FDA and OHRP Issue Guidance Related to Research During the COVID-19 Pandemic

Alerts / April 13, 2020

On April 8, the Office for Human Research Protections (OHRP) released guidance on human subject protections matters related to COVID-19. The guidance should be viewed as recommendations rather than binding requirements. The OHRP encourages researchers to prioritize public health and safety and indicates that it permits flexibility as needed to achieve such goals in the research setting.

In the guidance, the OHRP clarifies that actions taken for public health or clinical purposes are not considered research even where conducted on research subjects. Further, OHRP regulations will not prevent reporting of a research subject’s COVID-19 test results when such reporting is required by federal, state or local laws. OHRP reiterates existing regulations and prior guidance that are particularly relevant during this crisis. Specifically, investigators may implement changes to research protocols prior to review and approval by an institutional review board (IRB) where such changes are necessary to eliminate immediate hazards to research subjects. Proposed changes for previously approved research may be submitted to IRBs at any time, and such IRB review may occur through an expedited procedure.
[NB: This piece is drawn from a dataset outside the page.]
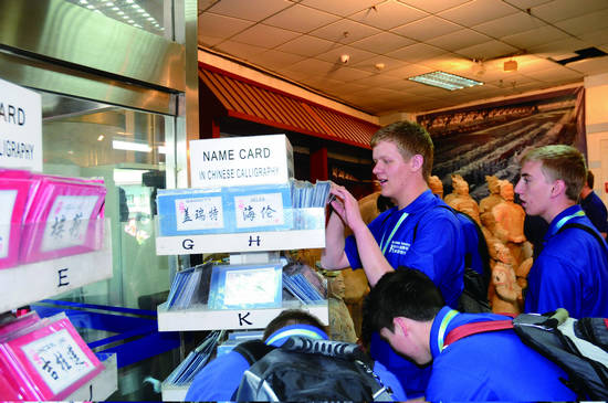 在月坛体育馆,舞蹈演员乔丹·沃尔德跑上前来,跟记者说:“我认识你,昨天咱们曾在一起,你给我们拍照,很高兴认识你。”此时,他正跟他的中国伙伴毛少鹏在踢球,跟他们在一起的还有康纳·格西里和乔丹·维勒,后者更被大家戏称为“乔丹三世”。这一天,他们彻底放松了,尽管此后几天的行程非常紧,他们似乎更享受融入北京的感觉。“北京很繁华,很漂亮”,这是他们的普遍感受。在餐馆里,中国孩子们向美国伙伴介绍酸梅汤,乔丹·沃尔德好奇极了,不明白这种“用乌梅做成的可口可乐”为什么这么好喝。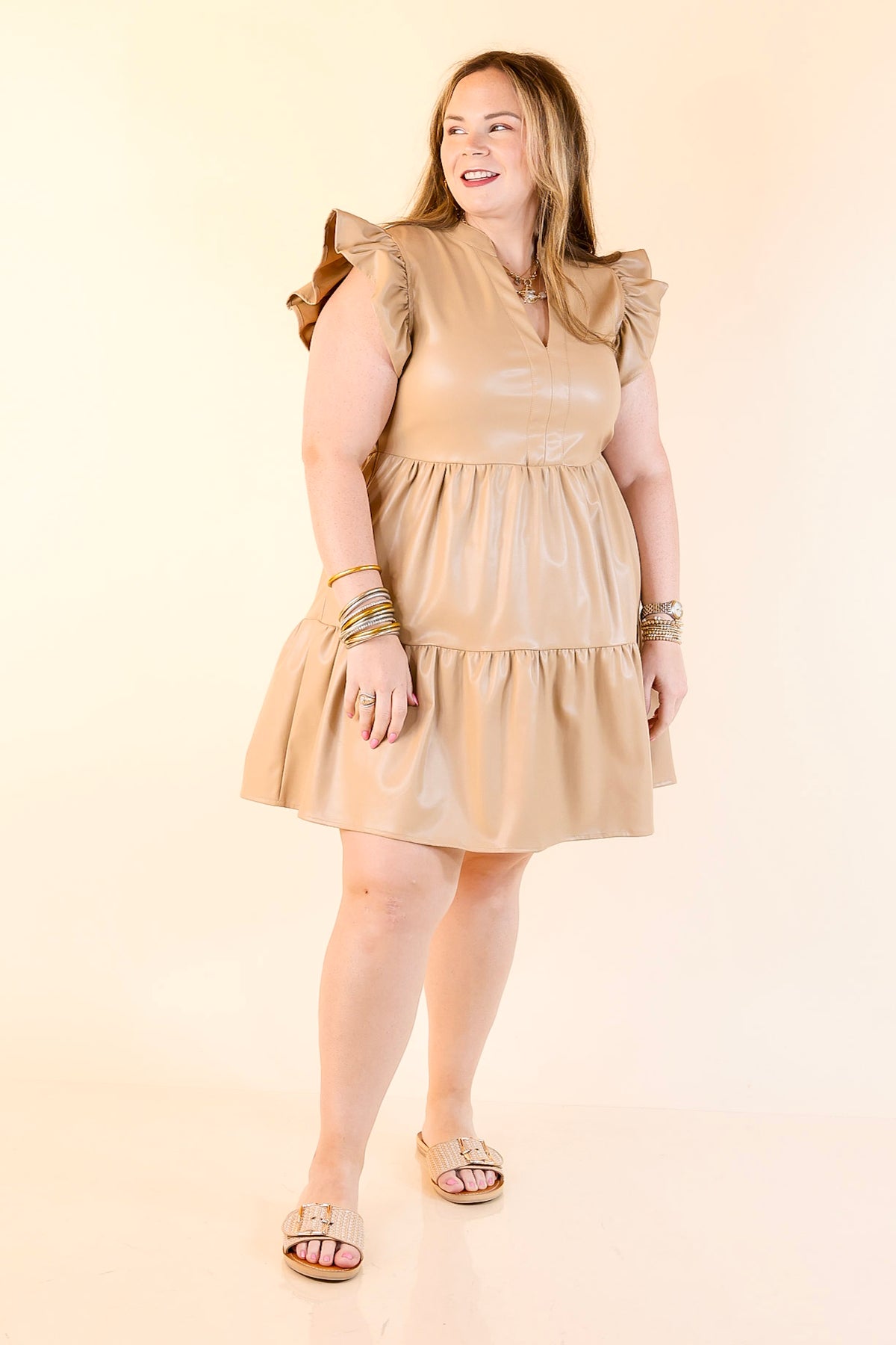 This beautiful faux leather dress is the perfect statement for all seasons! You can add accessories to fit any type of occasion! It includes a notched v neck, ruffle cap sleeves, a ruffle tiered body, and a classy short length.

The OHRP’s guidance is consistent with the U.S. Food and Drug Administration’s (FDA) March 18 Guidance on Conduct of Clinical Trials of Medical Products During the COVID-19 Pandemic. In its guidance, the FDA recognizes that potentially unavoidable deviations from trial protocols may be necessary to maintain the safety of study participants and providers, and has provided recommendations on how to implement such deviations while minimizing risks to trial integrity. For on-going trials, the FDA has stressed that ensuring the safety of subjects is of paramount importance. The FDA asked sponsors to consider whether to continue trial recruitment or the use of the investigational drug or device and whether the use of virtual visits, remote monitoring or other distance alternatives could be safely adopted. If it is determined that changes to protocol or an investigational plan are necessary to protect the safety of research participants, these changes may be implemented without IRB approval or before filing an amendment to the IND or IDE. However, IRB submission is required as soon as possible after implementation.

Sponsors and clinical investigators should document how restrictions related to COVID-19 led to the changes in study conduct, note the duration of those changes, and indicate which, and how, subjects were impacted. The FDA recommends capturing subject-specific information in the case report form explaining the basis of the missing data, including the relationship to COVID-19.

Generally, the FDA recommends that sponsors, clinical investigators and IRBs establish or revise policies and procedures to describe approaches used to protect participants and manage study conduct during possible disruption of the study as a result of COVID-19 control measures at study sites. If COVID-19 screening procedures are mandated by the healthcare system where the clinical trial is being conducted, these screenings (even if performed during study visits) do not need to be reported as an amendment to the protocol unless the sponsor is incorporating the data collected as part of a new research objective.